Exactly the lines from the first line of the records to the line holding "本次主题班会围绕疫情防控教育" should be duplicated, and nothing more; pictures stay out.

**Source records**

* * * * *

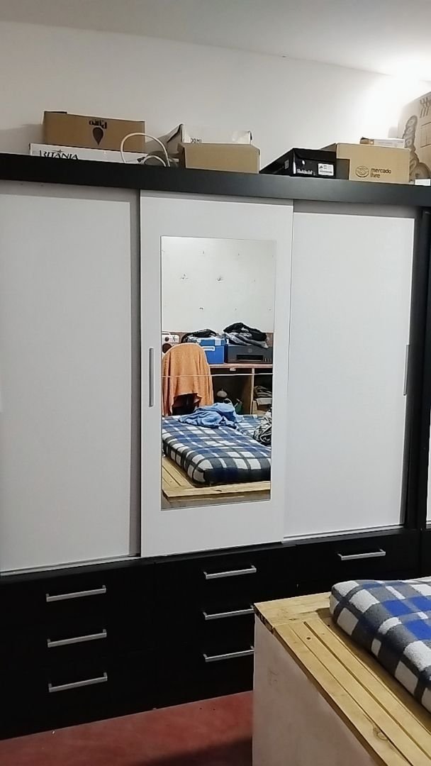 Sistema de Portas: 3 portas de correr com trilho inferior em alumínio e sistema soft de rolagem.
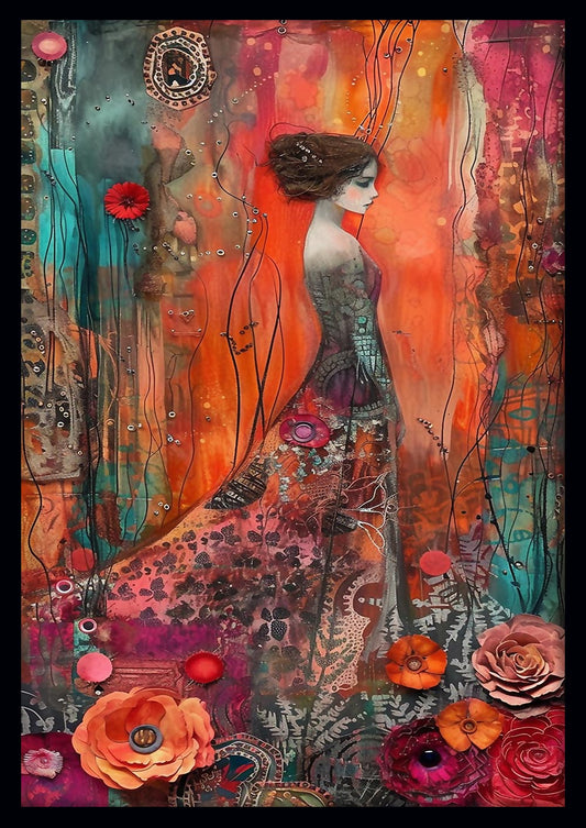 Elegant Woman in Floral Dreamscape – Mixed Media Canvas Art Print – T893 – AiPrintLab
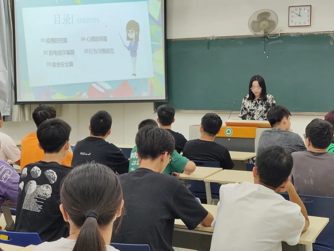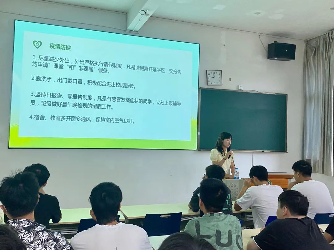 本次主题班会围绕疫情防控教育、心理健康教育、安全教育等方面展开。各班辅导员强调要重视疫情防控,严格遵守学校疫情防控管理规定,出门做好防护措施,佩戴好口罩;会上还提出,要同学们提高安全意识,严禁使用高功率电器,严禁私自下河游泳,谨防电信诈骗;并根据各班情况,结合宿舍安全、卫生等方面,要求同学们尽快调整状态,明确目标,制定学习计划,以饱满的热情投入新学期的学习中。
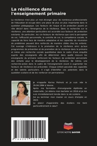 La résilience n'est plus un mot étranger pour de nombreux professionnels de l'éducation et occupe donc une place de plus en plus importante dans le quotidien pédagogique. Les facteurs de risque et de protection jouent un rôle décisif dans l'émergence de la résilience. Dans la recherche sur la résilience, une attention particulière est accordée aux facteurs de protection existants. En particulier, les six facteurs de résilience que sont la perception de soi, l'efficacité personnelle, le contrôle de soi, la compétence sociale, la capacité de faire face de manière adaptative et les capacités de résolution de problèmes peuvent être renforcés de manière ciblée chez les enfants. Cet ouvrage s'intéresse à la promotion de la résilience ainsi qu'aux programmes de prévention et de promotion de la résilience dans le primaire et mène une recherche sociale quantitative dans le cadre d'une enquête auprès des enseignants afin de déterminer dans quelle mesure les enseignants du primaire renforcent les facteurs de protection personnels des enfants pour le développement de la résilience. De même, une recherche-action dans le cadre de l'enseignement visant à augmenter les facteurs de résilience est présentée. Chaque enfant possède des capacités et des talents particuliers. Il s'agit d'identifier ces potentiels dans le quotidien scolaire et de les renforcer en permanence.
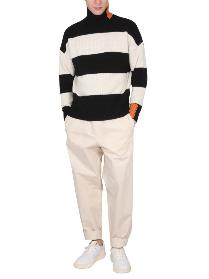 This rugby shirt from Right For features a unique design with bold black and white horizontal stripes. The high neck and ribbed cuffs enhance its sporty appeal. A vibrant orange detail on the neck and cuff adds a modern touch, making it suitable for both athletic and casual occasions.
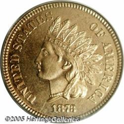 <B>1873 1C Closed 3 PR65 Red PCGS.</B></I> Of the 1,100 proofs struck of this date, all have a closed 3 in the date. This is a deeply reflective coin--the obverse die appears to have been overzealously polished as small portions of the lower feathers are missing, and the area around eye of the Indian shows die polishing rather than frost. Pleasing mint red color covers both sides with no mentionable surface distractions. Population: 28 in 65, 2 finer (2/05).
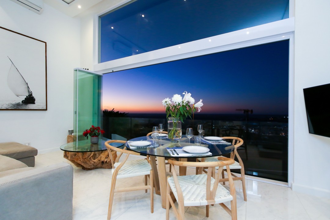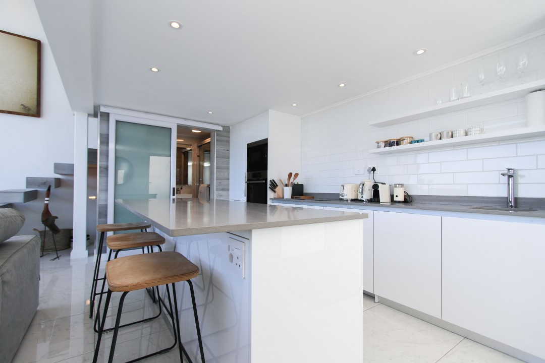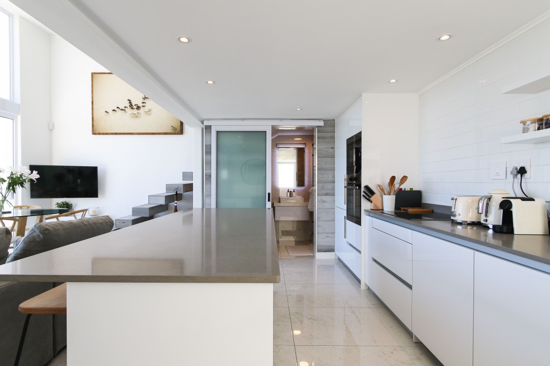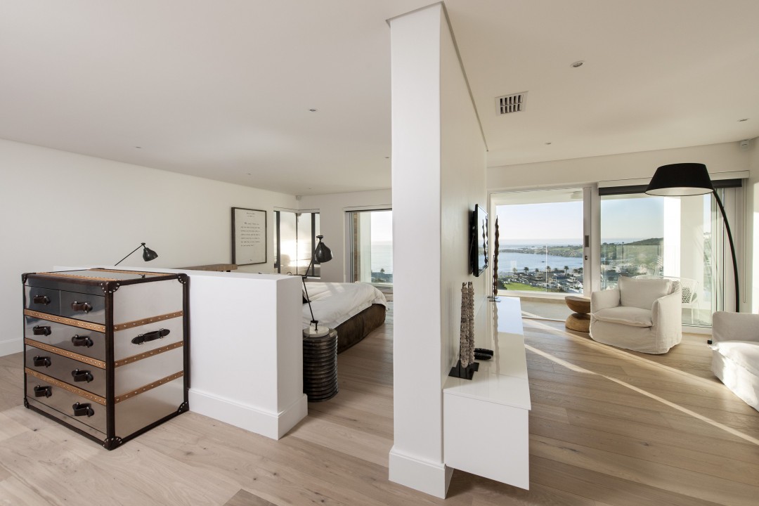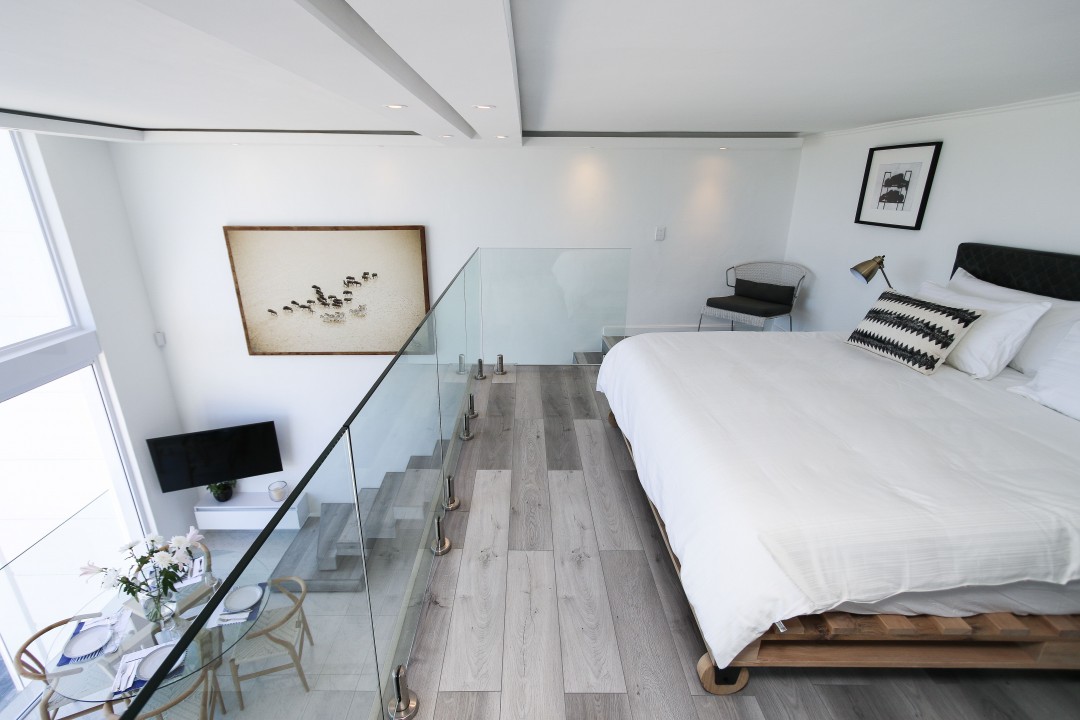 6) STUDIO LOFT | King sized bed, En-suite bathroom, Built-in cupboards, small living room with stunning direct ocean view, Plasma TV & DSTV & open kitchenette, Air-conditioned and heated, Shampoo, soap, towels and linen.
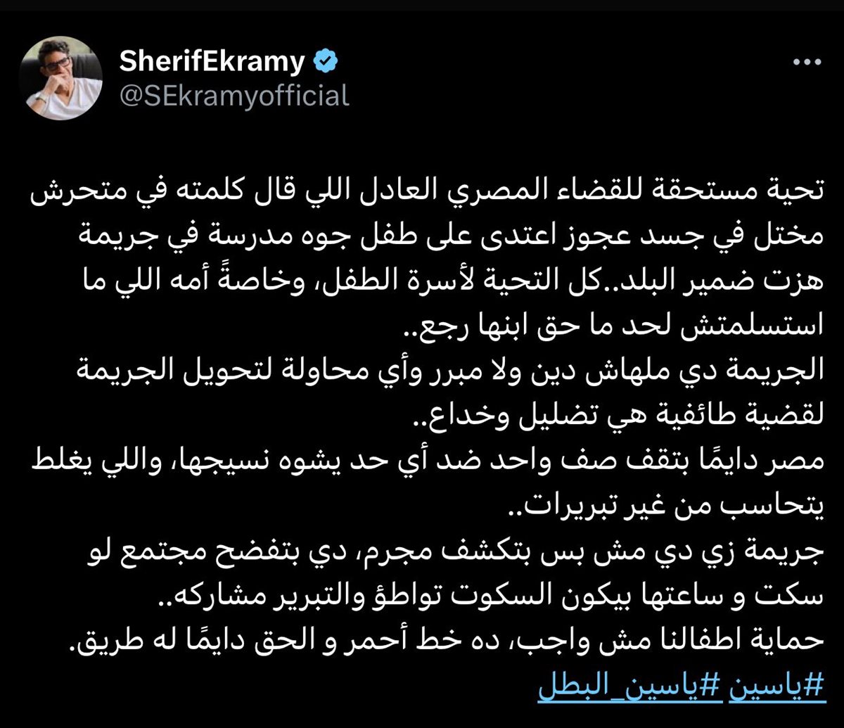 وقال شريف إكرامي في تغريدة له من خلال حسابه الرسمي عبر منصة "إكس" :" تحية مستحقة للقضاء المصري العادل اللي قال كلمته في متحرش مختل في جسد عجوز اعتدى على طفل جوه مدرسة في جريمة هزت ضمير البلد.. كل التحية لأسرة الطفل، وخاصةً أمه اللي ما استسلمتش لحد ما حق ابنها رجع".
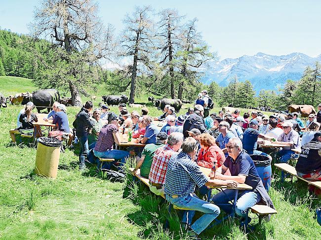 Der Alpaufzug lockte bei strahlendem Sonnenschein auch mehrere Hundert Zuschauer auf die Moosalp, die für reichlich Stimmung sorgten: Es wurde gesungen und gelacht. Während die Rabatteure auf der Wiese alle Hände voll zu tun hatten.

* * * * *

**TASK ANSWER**
 Sistema de Portas: 3 portas de correr com trilho inferior em alumínio e sistema soft de rolagem.
 Elegant Woman in Floral Dreamscape – Mixed Media Canvas Art Print – T893 – AiPrintLab
 本次主题班会围绕疫情防控教育、心理健康教育、安全教育等方面展开。各班辅导员强调要重视疫情防控,严格遵守学校疫情防控管理规定,出门做好防护措施,佩戴好口罩;会上还提出,要同学们提高安全意识,严禁使用高功率电器,严禁私自下河游泳,谨防电信诈骗;并根据各班情况,结合宿舍安全、卫生等方面,要求同学们尽快调整状态,明确目标,制定学习计划,以饱满的热情投入新学期的学习中。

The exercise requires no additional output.